Activists demonstrating in London over the Australian bushfires should stop emphasising climate change and be more positive, according to the area’s chief volunteer fire fighter.
Hundreds of Extinction Rebellion protesters took to the streets outside Australia House last Friday to demand action on climate change during the worst bushfire season in the country’s history.
But Mick Holton, President of the Volunteer Fire Association of New South Wales, thinks the focus on global warming is misplaced and the best thing Londoners can do is stay positive.
Mr Holton told South West Londoner: “We are seeing a situation where specific agendas are being pushed. Climate change is being pushed a little bit hard when it’s not the key factor here.
“It’s a separate issue to climate change. It’s potentially a factor, but the real factor is land management. So if we’re getting international support that’s really nice, but we need to make sure that it’s going to the right places.”
The chief ‘firie’ – as they are affectionately called down under – said colleagues in rural areas tended to agree with his views but city-dwelling firefighters were more keen to blame global warming.
“It has divided the community, but it’s their job to promote what they believe in,” said Mr Holton.
The fireman also said the best way for Londoners to help the crisis that has so far cost 26 lives, destroyed 2000 homes and killed over a billion animals – aside from donating directly to fire services – was to stay upbeat.
“Being positive is a good thing. We have a lot of negativity here. I’ve often said to people: ‘We will get through this, we will see better times ahead.’
“That’s where the media can play a role, just to say: ‘We spoke to someone with a positive attitude and we need to work together and move forward because there’s still plenty of good things out there.”
Mr Holton added: “The only bad thing about coming to Australia is a bit of smoke in the air, and that’s not everywhere.”
EXTINCTION REBELLION ACTIVISTS
DEMAND ACTION ON CLIMATE CHANGE
Hundreds of Extinction Rebellion activists who clearly disagreed with Mr Holton’s assessment of the situation spoke, sang and chanted of the need to tackle the causes of the climate emergency.
The vast majority of signs, speeches and theatrics blamed the blaze on global warming, with one chant of: “fund – the firies – climate action now” repeated throughout the day.
A passionate male orator from the group finished a speech shouting: “Do any of you think this isn’t connected to climate change?
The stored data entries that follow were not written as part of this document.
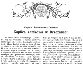 W tej części naszego serwisu zapraszamy do zagłębienia się w historyczną podróż po dawnym spojrzeniu na Polonika. Czasami są to jedyne ślady i informacje po nieistniejących już zabytkach, kiedy indziej są wyrazem tego, jak istniejące do dzisiaj zabytki były postrzegane. Katalog „W przedwojennych publikacjach” to wciąż rozwijany zbiór unikalnych materiałów, które pokazują polską kulturę oczami naszych przodków.
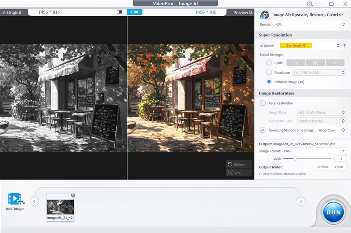 For photographers who want to upscale and enhance black and white architectural images, VideoProc Converter AI is a game-changer. Its Image AI feature is designed to offer cutting-edge features tailored to enhance black-and-white architectural photos. From AI-powered noise reduction that smooths out imperfections in low-light images to intelligent contrast adjustments that highlight the interplay of light and shadow, VideoProc Converter AI empowers photographers to transform ordinary shots into striking works of art.
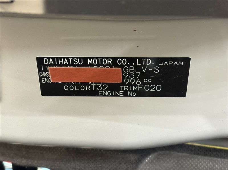コーションプレートです。フレームナンバーやカラーコードなどが記載されています。
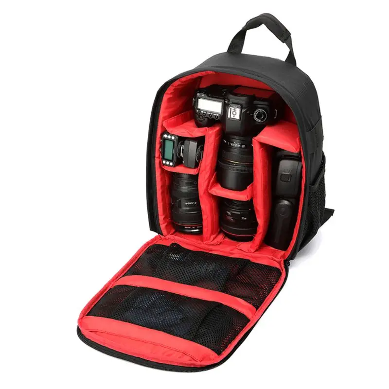 Стильный рюкзак с цветной подкладкой, совместимый с большинством цифровых зеркальных камер.
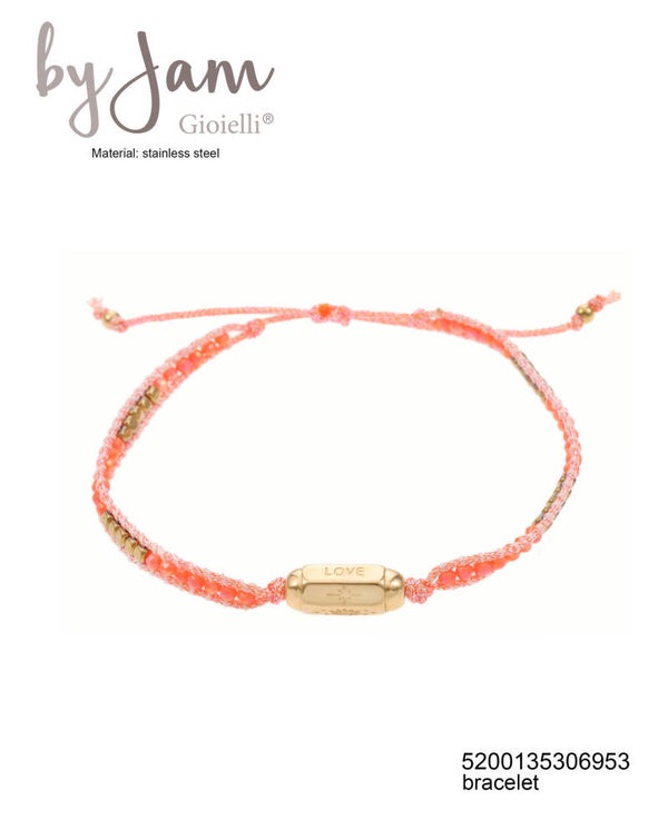 Trendy armband in zalm-oranje kleurige uitvoering. De armband heeft gouden accenten en een trekkoord sluiting.
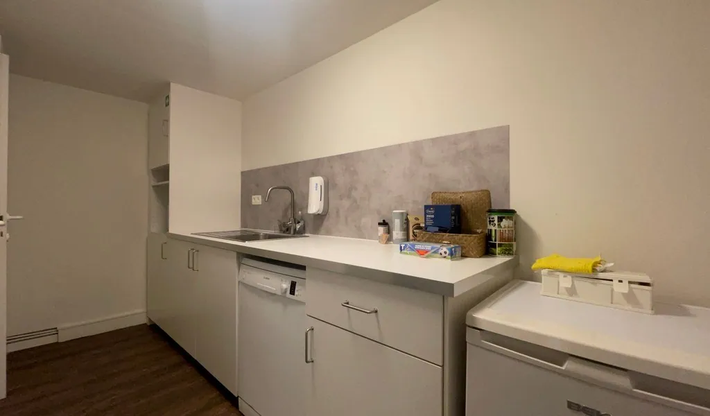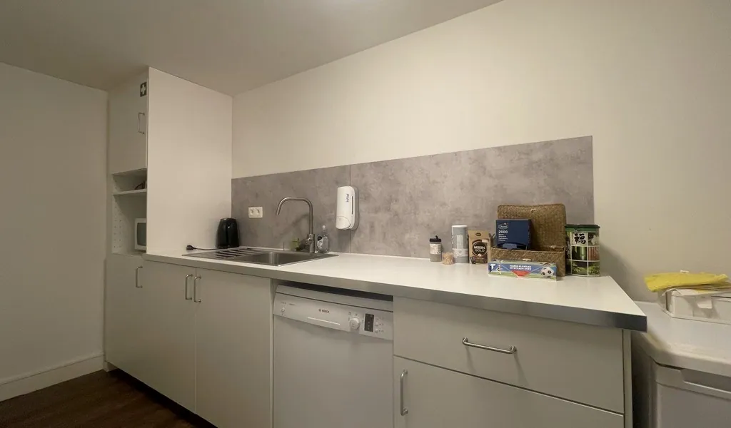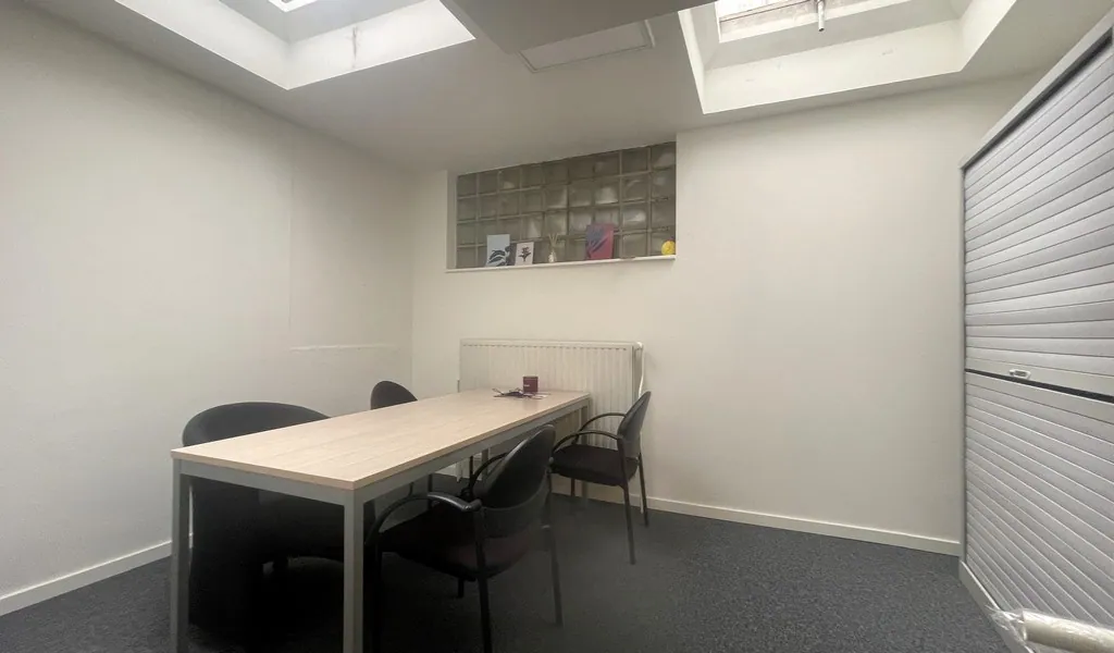 - glv: twee directe toegangen van de straatzijde tot winkel (open space) met vergaderzaal, kitchenette (9m²) en sanitair (2 toiletten)
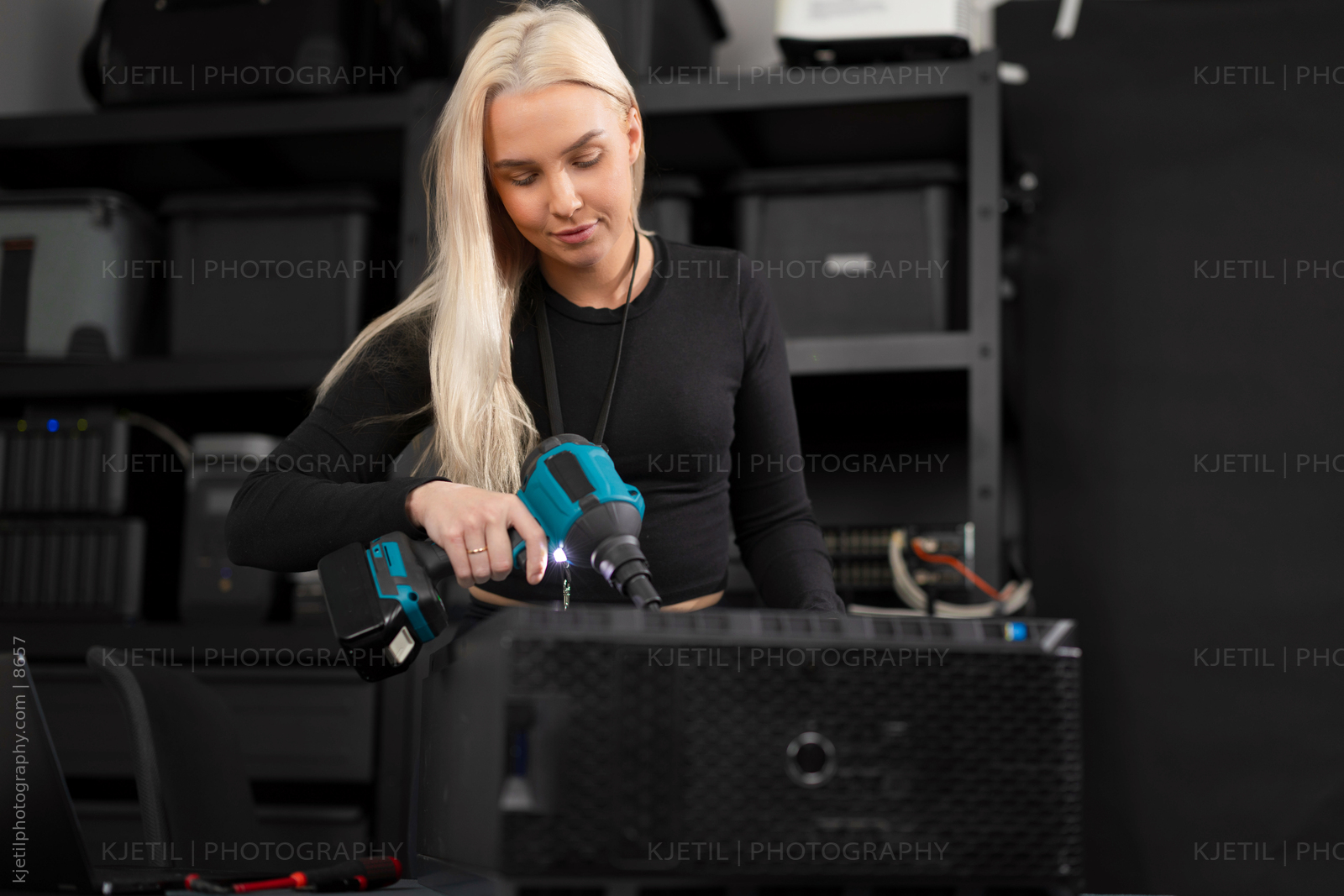 Female IT technician in a computer lab maintain and clean server hardware with a dust blower, performing maintenance
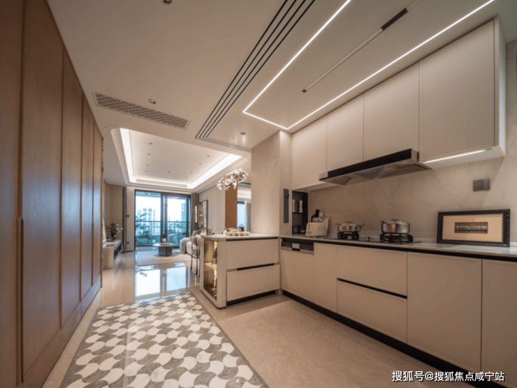 通过巧妙的S墙设计,不仅优化了餐厨动线,还扩大了厨房操作面,使空间利用率大幅提升。
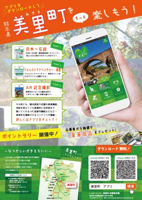 アプリのダウンロードは、Google PlayまたはApp Storeで「美里町観光アプリ」若しくは「みさとりっぷ」で検索されてください。
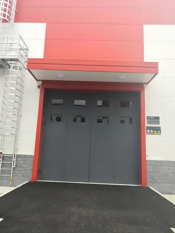 (2)单门框,双门扇结构,可适用于2M×2M以上大门 电动垂直悬挂门:
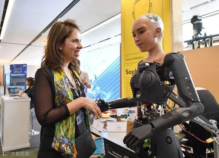 2023年7月7日,在瑞士日内瓦“人工智能造福人类全球峰会”上,一名参会者与仿真机器人索菲亚互动。新华社记者 连漪 摄
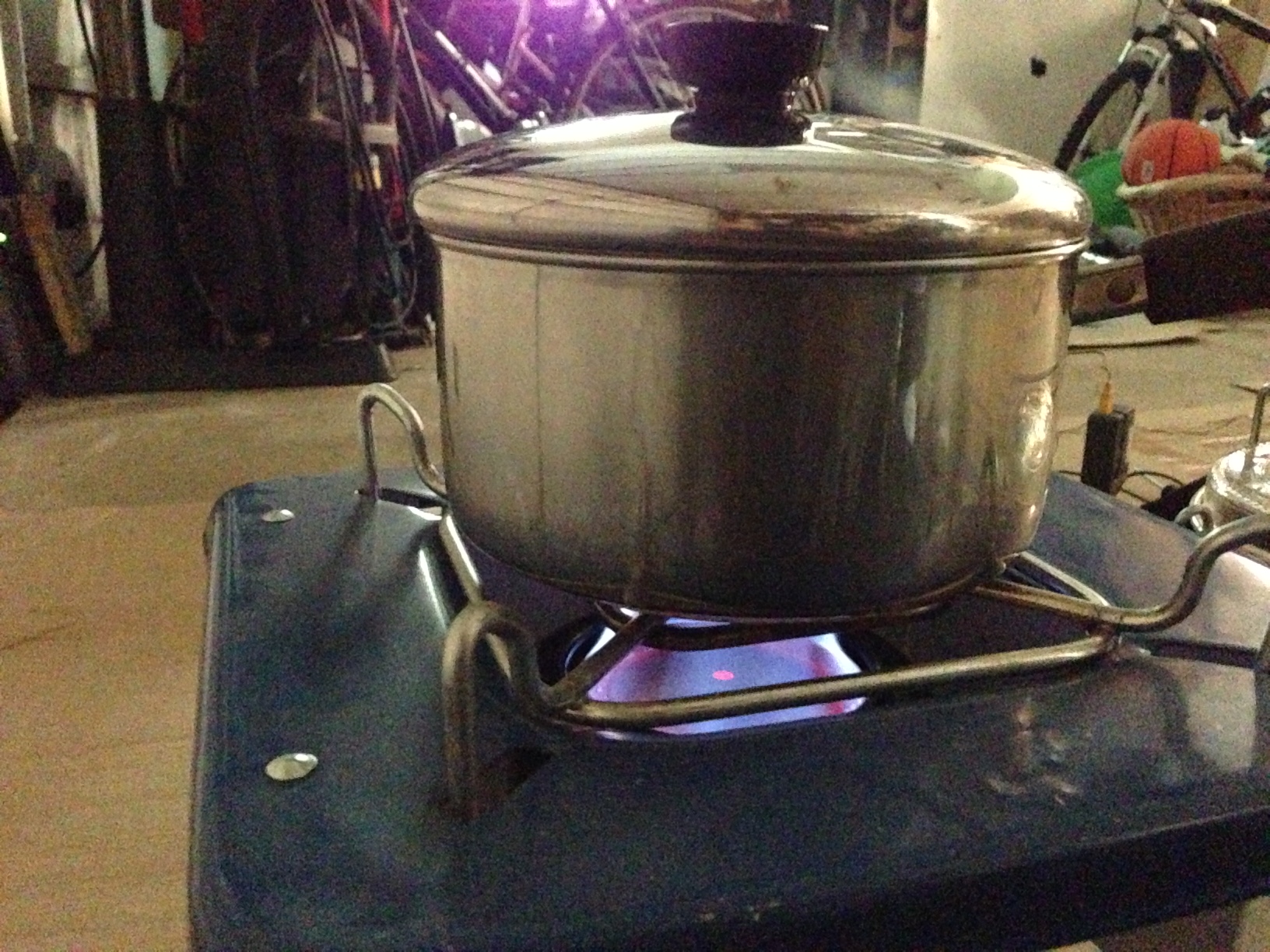 burnerThis is a Harbor Freight single propane burner, it’s the shizz. Nicely made, perfect flame etc. I used this one long ago to make coffee, but on a 12 oz bottle versus the 15 lb cylinder. The hose to the right I got at Home Depot, it has a regulator with the gas flare fitting. Gotta have that…
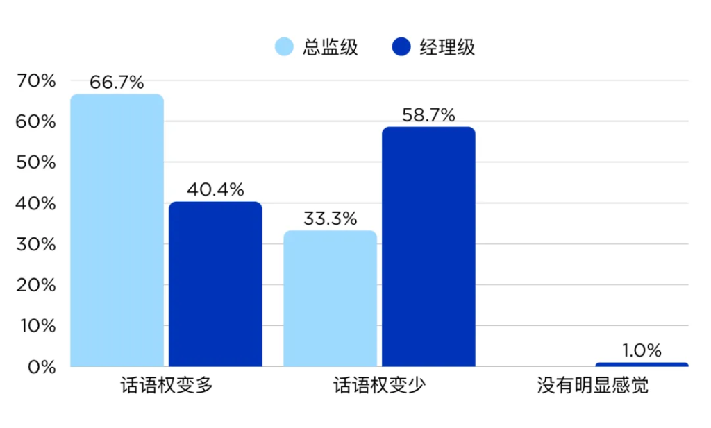经理级受访者中 58.65%反馈跨部门话语权减弱,而总监级中 66.67%认为话语权提升,呈现出相反的趋势。

Do you?”
Wandsworth artist Jane Clark, 60, purchased Skippy that morning to help illustrate her point of ‘kangaroos not coal.’
Ms Clark said: “I’m here today because I want to lend my support to XR and the people of Australia to try and get the Australian authorities and private sector to protect their precious environment stop funding the dirty industries like coal and oil.”
The passionate knitter added: “Protesting is good. We need to educate our children. We need to spend our money supporting the green environment, not against it.”
Designer Matt Utber, 51, and film-maker Matthew Huntley, 55, were also in attendance with their ‘pretty crappy signs’.
Both men grew up in Victoria before moving to Stoke Newington.
Mr Utber said: “We all had to fight fires, it’s part of the Australian experience. But not on a scale like this, it’s just unprecedented.
“We’re here protesting the inaction of the Australian government, particularly towards the current fires but also over the last 20 or 30 years the inaction on climate change.”
“This is what you get when you ignore science. This is the beginning,” added Mr Huntley.
The two men praised Australian fire fighters and even UK politicians for holding debates about the crisis in the House of Commons.
But while Mr Utber claimed the protests were an important vehicle for change, Mr Huntley had a different response when asked what he thought the demonstration would achieve: ‘Bugger all’.